The consequence of the first circular of presidential elections hits Romania's national currency. The euro exceeded the price of 5 lei in the interbank marketplace in the face of political and fiscal uncertainty.
Only on Monday, the National Bank of Romania (NBR) spent EUR 2 billion to keep the stableness of the funnel following George Simion's triumph in the first circular of the presidential election.
The force on national currency began on Monday morning and intensified in the afternoon as investors tried to get free of lei and buy euro to defend their deposits.
The markets reacted after the results of the first circular of presidential elections gave George Simion, a right-wing candidate, first place with over 40% of the vote.
Bucharest Stock Exchange ended Monday's session with a decline of nearly 3% and the Ministry of Finance could not borrow on Monday, as the costs were besides high.

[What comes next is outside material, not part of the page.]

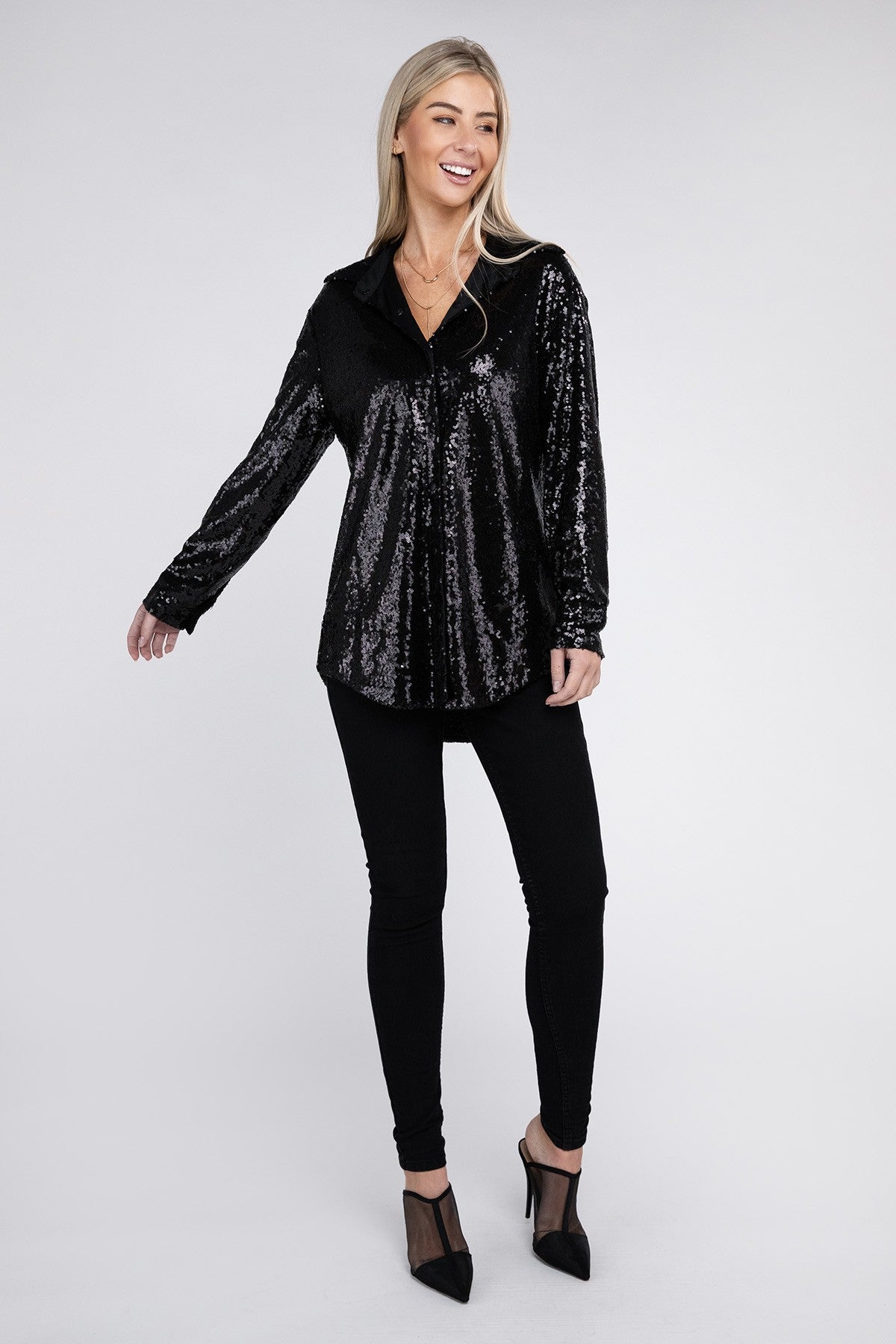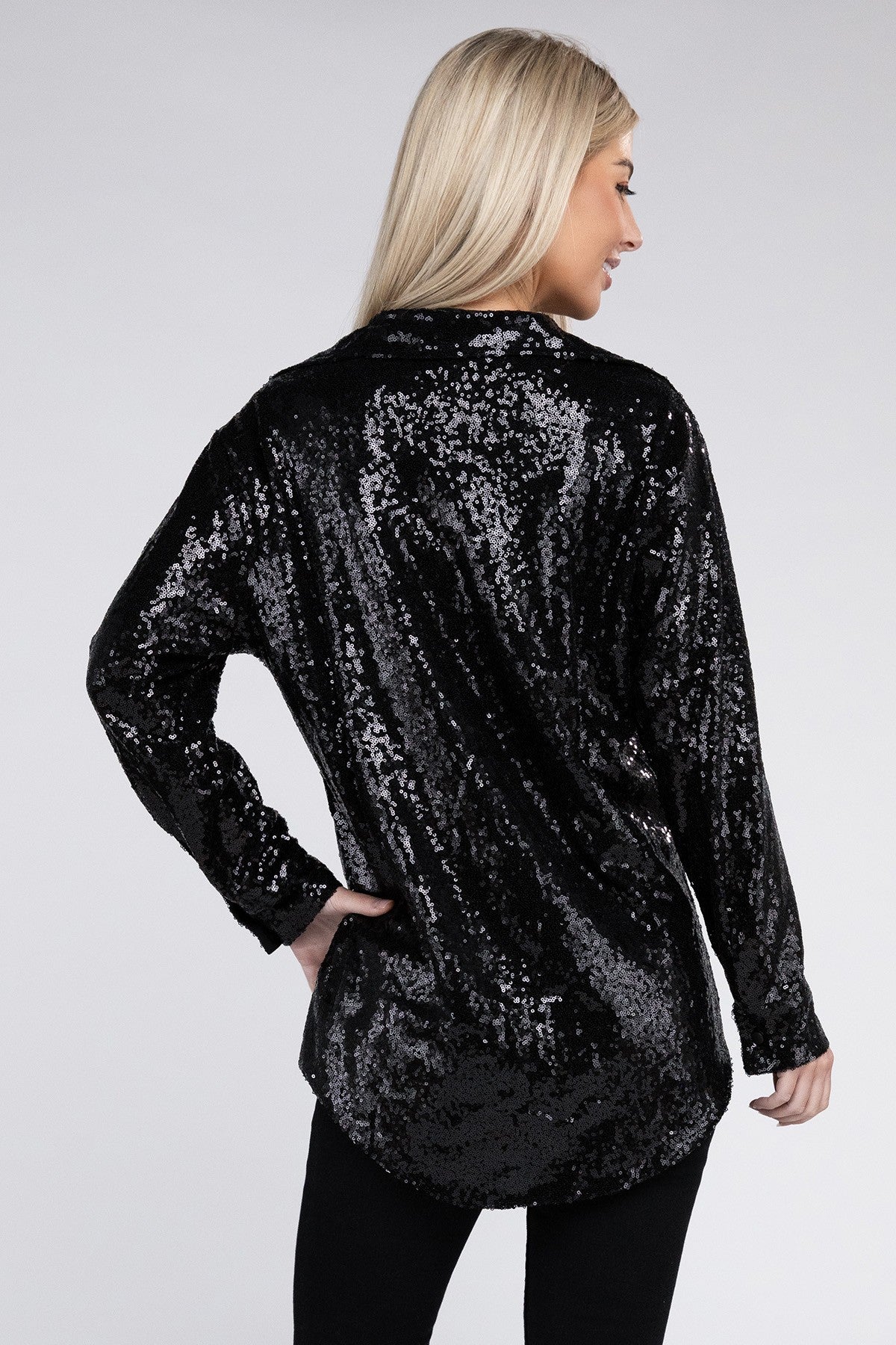 Our Sequin Collared Button Up Shirt is all around sequin!

George Simion promised to fight any EU policies. Romania's improvement now depends on European funds which are crucial for large infrastructure and social welfare projects.
George Simion has repeatedly promised that if he wins the presidential election, he appoints Prime Minister Călin Georgescu, a politician who won the first circular of presidential elections last year. The Constitutional Court of Romania subsequently cancelled the results of the vote due to alleged interference of Russian services in the electoral process.

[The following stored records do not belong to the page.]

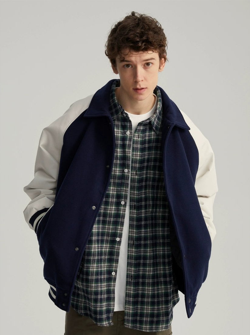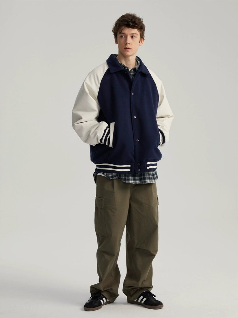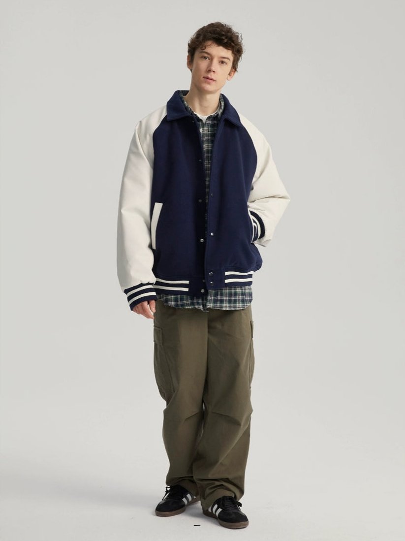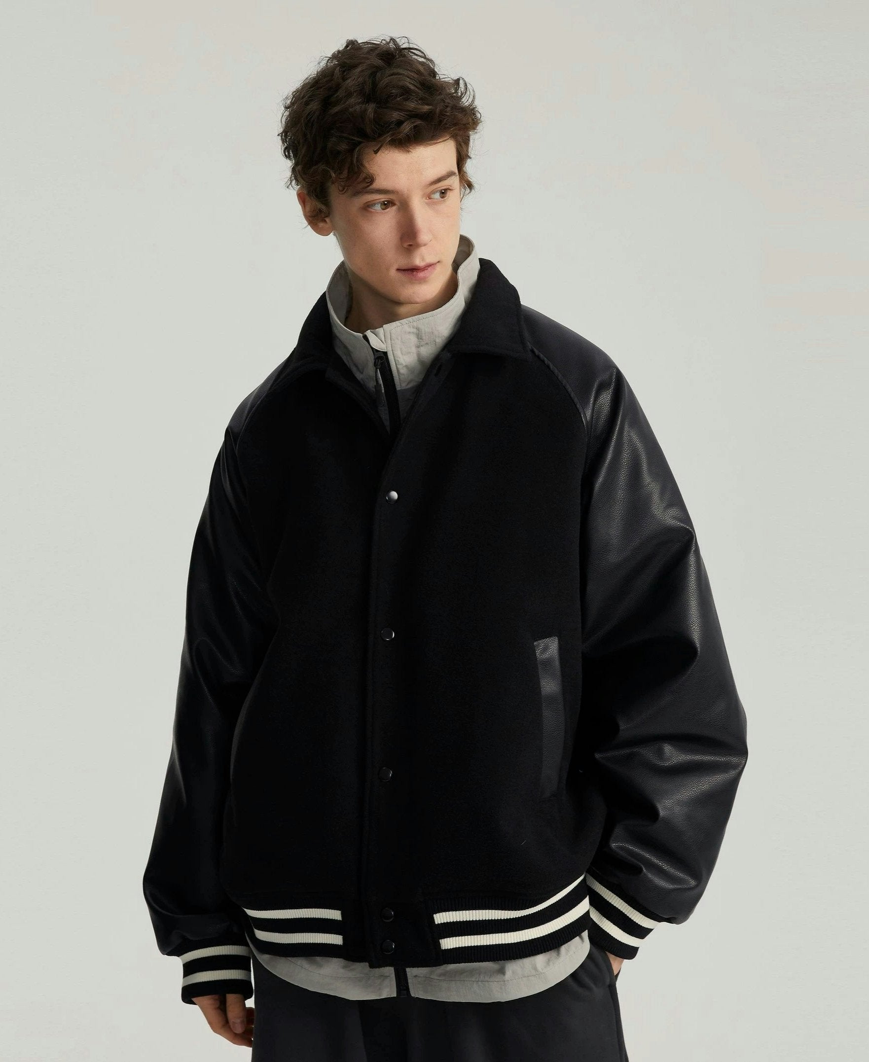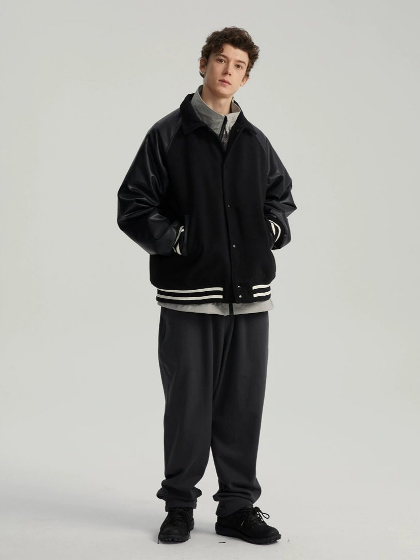 Read full Return PolicyExperience timeless style with a modern edge in our Varsity Bomber Jacket with Faux Leather Sleeves.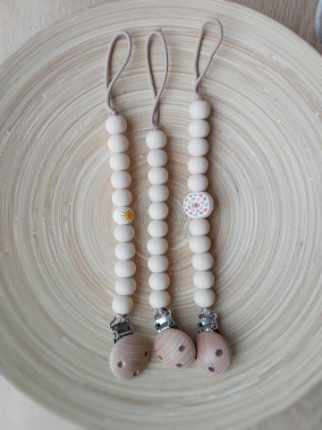 Deze speenkoord bestaat in drie variaties: neutraal, met donut, met sunshinekraal.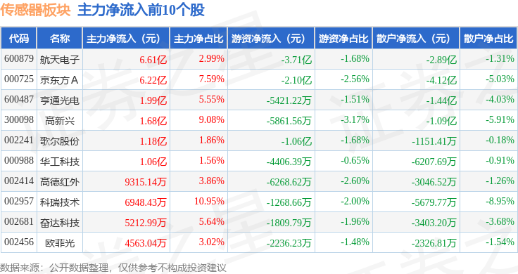 从资金流向上来看,当日传感器板块主力资金净流出43.43亿元,游资资金净流入1.27亿元,散户资金净流入42.16亿元。传感器板块个股资金流向见下表: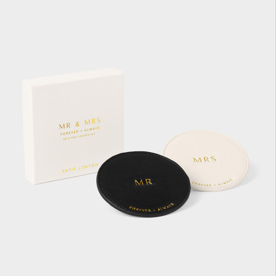 Katie Loxton Coaster Set Mr & Mrs Off White And Black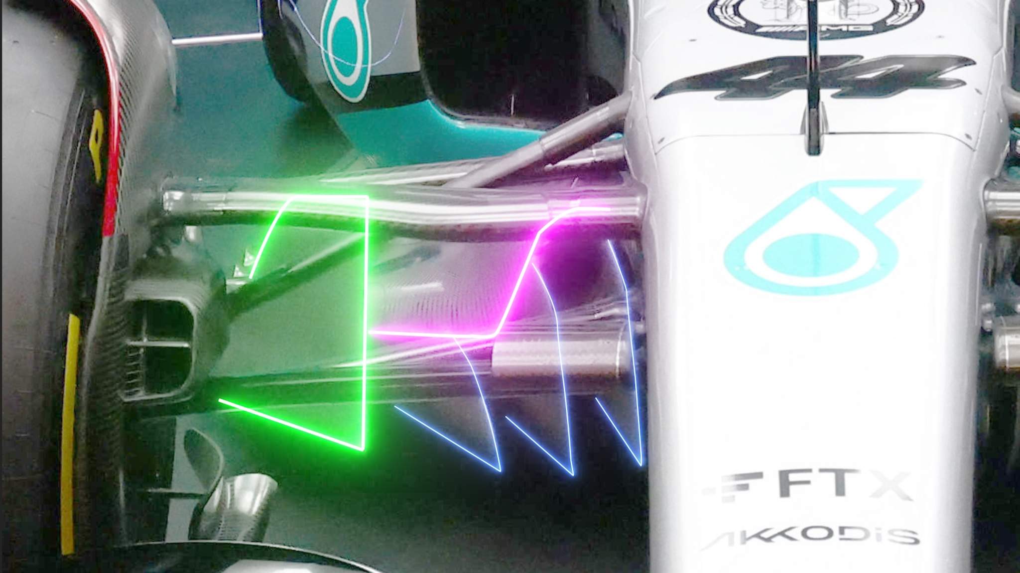 这与法拉利的设计大不相同。梅赛德斯前翼内部的负荷不高,让受到较少干扰的气流从底盘下方进入底板前缘。受规则要求,前翼跨中加载,并在端板处减弱。翼片后部三分之二的部分可以活动,通过小角度变化进行赛车平衡调整。端板向上弯曲,将气流导向前轮外侧。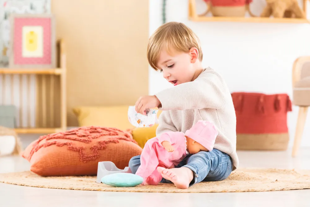 Dette interaktive potte-sæt er perfekt til at lære små børn at passe deres dukke og gøre legen endnu mere realistisk. Sættet indeholder en potte, en stofserviet og et låg, som tilsammen skaber en autentisk oplevelse af at tage sig af en babydukke.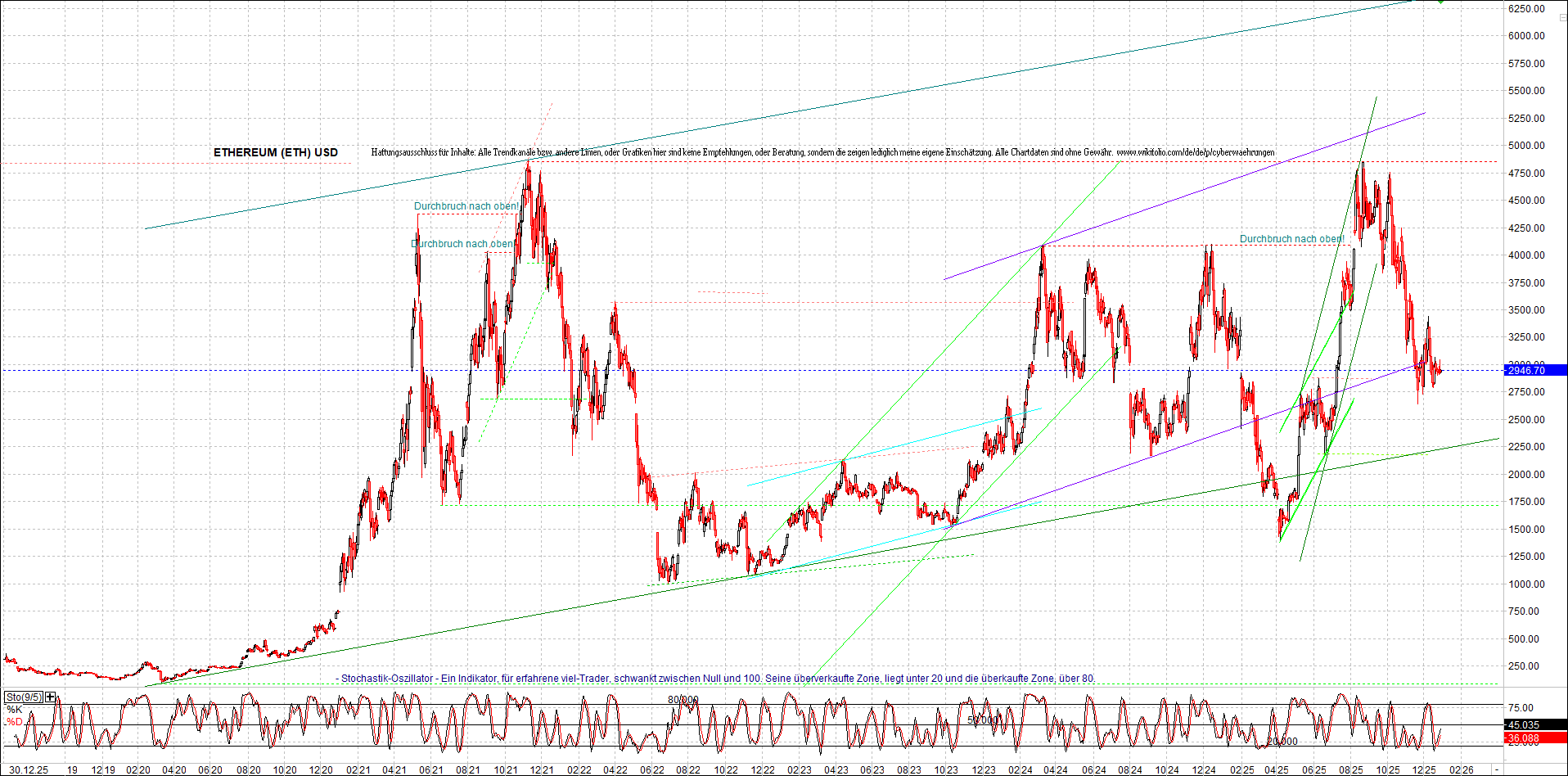 ETHEREUM (ETH) – 5 Jahre Chart, von heute Morgen, mit Charttechnik.

Călin Georgescu promised during his election run nationalization, including the nationalization of agricultural land and talked about Romania's exit from NATO. Simon, on the another hand, is Eurosceptic, but he powerfully advocates Romania's membership of the North Atlantic Alliance.
The second circular of the presidential election will be held on 18 May. Simion's competitor is the mayor of Bucharest, Nicușor Dan, who presents a pro-European direction in politics.